### Required work
An exact reproduction of the records is required, with all pictures omitted.

### Task inputs
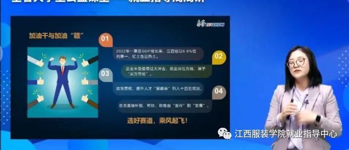 新闻中心讯(供稿/就业办陈康康)为找到疫情防控常态化形势下大学生求职的破局之道,培育正确的当代大学生职业生涯规划,2022年4月29日晚,由江西省教育厅主办,面向全省大学生的线上公益课堂——就业指导周周讲在线上准时开课。江西服装学院积极响应江西省教育厅号召,我校就业办李玲副主任组织部分在校学生在主教楼一110进行观看,各分院以线上形式进行共同学习,本次全省大学生公益课我校师生参与观看人数达5200人。
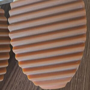 Chunky Platform with jagged rubber bottom.Excellent pre-owned condition, except for a small stai on one shoe. please refer to photos for more details and. Questions? Leave a comment below
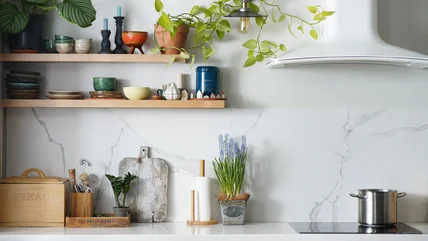 Open shelving is the perfect place to showcase pretty glassware and your favorite bowls. Plus, it provides extra storage space in areas of your kitchen that would otherwise be left unused, giving you heaps more room for showcasing trinkets, vases, and even pictures. However, before putting up those shelves, and arranging all your crockery in the perfect Insta-worthy position, consider if they'll mar or match your lifestyle. Items placed on open shelving can get mighty dusty and even greasy with cooking oils.
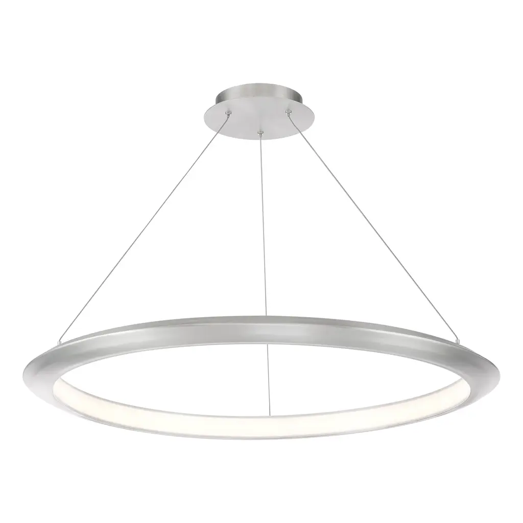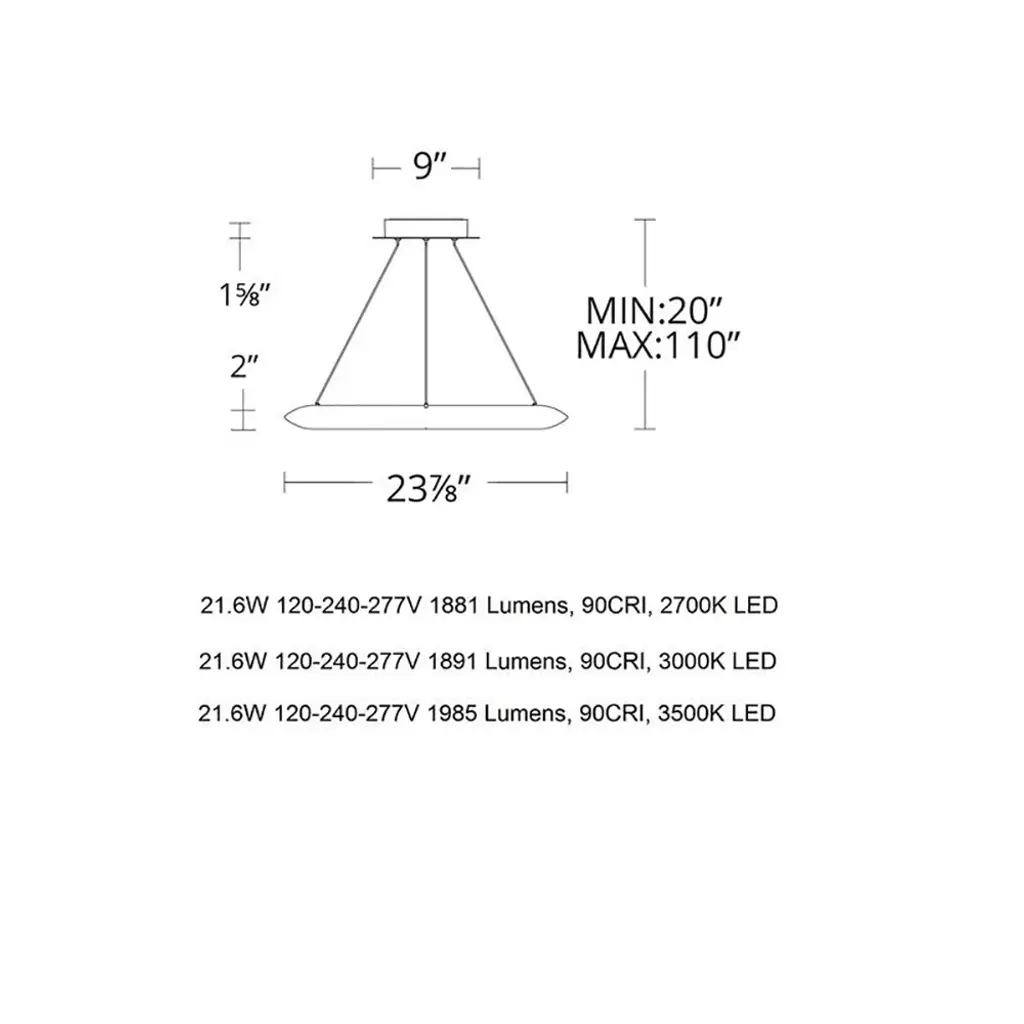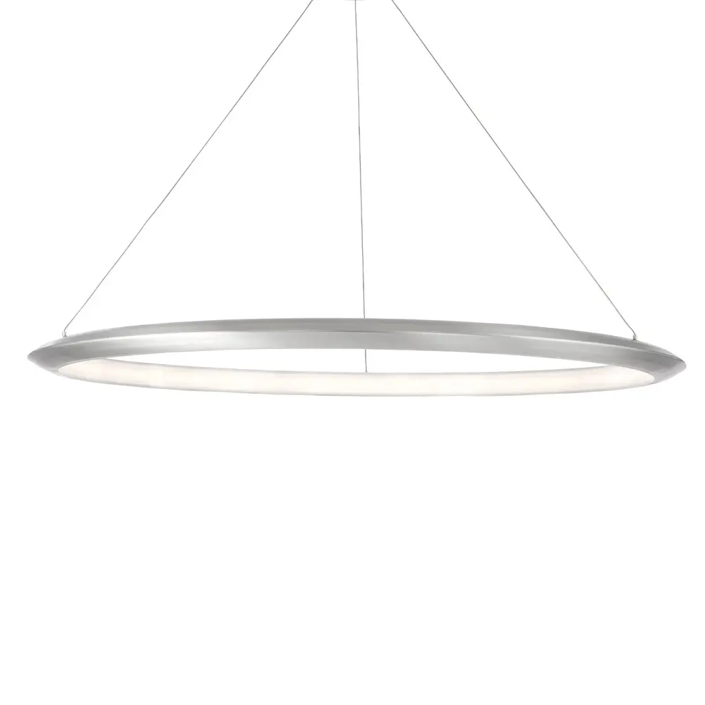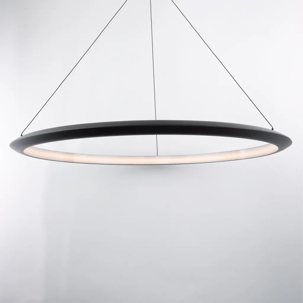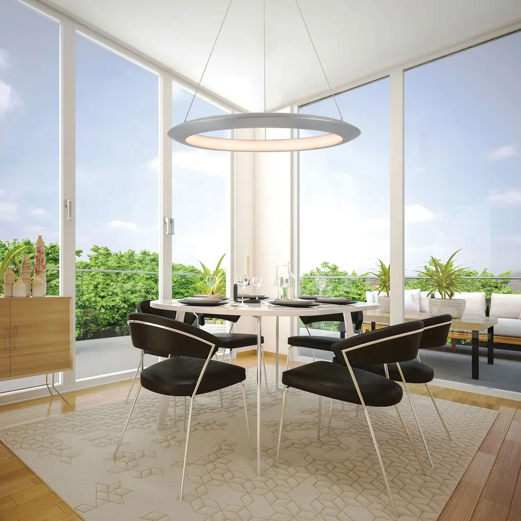 Simple yet refined. An elevated ring suspended above by its ultra-thin powered cables. Brushed aluminum or black finishes accentuate the tailored profile and seamless construction. Available in three CCT options with a 2700K-3000K-3500K CCT selectable switch located in the canopy. Features
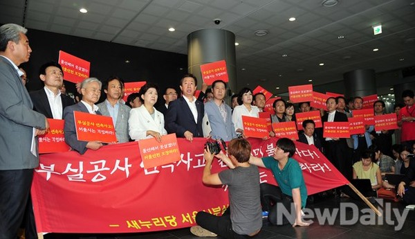 [포토]안전 불감증 이대로 괜찮은가?, 새누리당 안전점검 특위 서울시 부실공사 연속사고 규탄대회
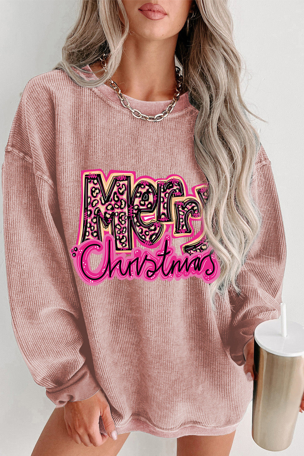 • Lassen Sie sich von der Weihnachtsstimmung mit diesem rosafarbenen Kordel-Sweatshirt mit dem Buchstaben „Merry Christmas“ verzaubern. Verleihen Sie Ihrem Outfit eine festliche Note.

### Solution to the exercise
 新闻中心讯(供稿/就业办陈康康)为找到疫情防控常态化形势下大学生求职的破局之道,培育正确的当代大学生职业生涯规划,2022年4月29日晚,由江西省教育厅主办,面向全省大学生的线上公益课堂——就业指导周周讲在线上准时开课。江西服装学院积极响应江西省教育厅号召,我校就业办李玲副主任组织部分在校学生在主教楼一110进行观看,各分院以线上形式进行共同学习,本次全省大学生公益课我校师生参与观看人数达5200人。
 Chunky Platform with jagged rubber bottom.Excellent pre-owned condition, except for a small stai on one shoe. please refer to photos for more details and. Questions? Leave a comment below
 Open shelving is the perfect place to showcase pretty glassware and your favorite bowls. Plus, it provides extra storage space in areas of your kitchen that would otherwise be left unused, giving you heaps more room for showcasing trinkets, vases, and even pictures. However, before putting up those shelves, and arranging all your crockery in the perfect Insta-worthy position, consider if they'll mar or match your lifestyle. Items placed on open shelving can get mighty dusty and even greasy with cooking oils.
 Simple yet refined. An elevated ring suspended above by its ultra-thin powered cables. Brushed aluminum or black finishes accentuate the tailored profile and seamless construction. Available in three CCT options with a 2700K-3000K-3500K CCT selectable switch located in the canopy. Features
 [포토]안전 불감증 이대로 괜찮은가?, 새누리당 안전점검 특위 서울시 부실공사 연속사고 규탄대회
 • Lassen Sie sich von der Weihnachtsstimmung mit diesem rosafarbenen Kordel-Sweatshirt mit dem Buchstaben „Merry Christmas“ verzaubern. Verleihen Sie Ihrem Outfit eine festliche Note.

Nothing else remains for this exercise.